Заинтересованные современники (И. С. Аксаков, Т. И. Филиппов и др.) увидели в романе – энциклопедии «эпирской жизни» – открытие нового для русского читателя мира. «Н. А. Любимов называет Одиссея небольшой Америкой», – сообщал Леонтьев 22 июля 1879 г. Вс. С. Соловьеву. В этом романе штрихами нарисованы «портреты» почти всех многочисленных греческих племен, а также других балканских народов (влахов, болгар), обнаруживается глубокое проникновение в мусульманскую культуру турок, албанцев и арабов. Не забыты, кроме того, цыгане и евреи. Превосходны пейзажи – не только Эпира (всех его округов), но также Фракии, Нижнего Дуная. Не потеряна ни одна деталь из виденного консулом Леонтьевым в этих и окрестных землях – вплоть до фонтана любви на о. Корфу (4, 596).

Еще более важно то, что в романе художественно отражена жизнестроительная программа Леонтьева, его идеал нового «византизма», культурной самобытности (в данном случае – сохраненной эпирскими греками), церковности, пронизывающей всю жизнь людей. Свойственная Леонтьеву, особенно после Афона, некоторая дидактичность в «Одиссее» присутствует и скрыто, и явно. Не случайно сам автор подчеркивал, что начал «Одиссея» – одновременно с «Византизмом и Славянством» – после бесед с афонскими старцами.

В «Одиссее Полихрониадесе» все – впервые так явно у Леонтьева – пронизано мыслью о Промысле Божием. Появляются ссылки на Святых Отцов, евангельские цитаты и реминисценции, описываются церковные службы, цитируются православные молитвы. Речь героев перемежается цитатами из Священного Писания. Молитвенные восклицания здесь просто вплетены в текст, есть и «нравоучительные» вставки, и пояснения – благочестивые поправки (с сопоставлением точки зрения в двух временных планах: «тогда» и «теперь»). Все это служит проповеди обретенной автором веры.

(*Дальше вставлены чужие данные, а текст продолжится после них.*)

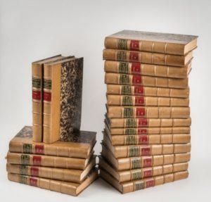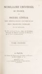 SAINT-ALLAIS. Nobiliaire universel de France. Paris. Bachelin-Deflorenne. 1872-1875. 20 volumes in-8, veau havane légèrement frotté, dos à nerfs, pièces de titre et de tomaison de maroquin rouge et vert. Un petit accroc à une coiffe inf. Un tome 21 a été publié en 1877. Il manque souvent.

Поскольку Леонтьев в те годы прежде всего – политический мыслитель, у романа была и сверхзадача, связанная с острыми вопросами церковной и национальной политики. Важно помнить, что начат роман в Константинополе вскоре после Поместного Собора 1872 г., в самый разгар борьбы греков с «потоком панславизма», когда едва-едва не последовало церковного разрыва и с Россией. Одна из неявных целей Леонтьева – в эпоху раздора уравновесить (но не сгладить «толерантно») противоречия, напомнить о еще недавней любви греков к России, а кроме того, и просто показать, как уживаются «под одним и тем же небом» и «под одною и тою же властью» (61, 454) столькие народы.

В романе представлена модель почти идеального общества. Перед Леонтьевым словно сама Византия, сохраненная под дамокловым мечом турок. Превыше всего привлекательна ему патриархальность мироустройства, то, что по другому случаю названо: «жизнь тихая, простая и верная “преданию” отцов» (61, 508). «Эта тихая и медленная эклога нашей домашней и будничной жизни, которую так внезапно прерывают от времени до времени такие мрачные трагедии» (4, 717). В Янине, где главным образом и происходит действие, не было «внутренних пустых переворотов» (4, 720) и «нет того обманчивого грома и суеты, которые так поражают нас в городах торговых и богатых» (4, 718). «…Все это, несмотря на обманчивую тишину и медленность, живет жизнью несравненно более здравой, чем живут жители шумных и торговых городов <…> все подобные страны под властию турок свежи, как новые всходы хлебов…» (4, 719).

Присутствие турок и албанцев (последние сохранили что-то вроде аристократии) создает сословность, которая стремительно исчезает в освобожденных странах. Герой-рассказчик трепещет не только при виде янинского паши, но поначалу даже при виде любого турецкого низама (солдата регулярной армии). У греков «аристократия» только торговая, но и это дает свое «горизонтальное расслоение» и свои традиции. Янинские архонты (греки-старейшины) уже не слишком почитают церковную иерархию, но молодой загорец, главный герой, еще не растерял трепета и к ней. Патриархален идеал семьи. Герои, которым Одиссей сочувствует, не утратили любовь к старине, народному быту.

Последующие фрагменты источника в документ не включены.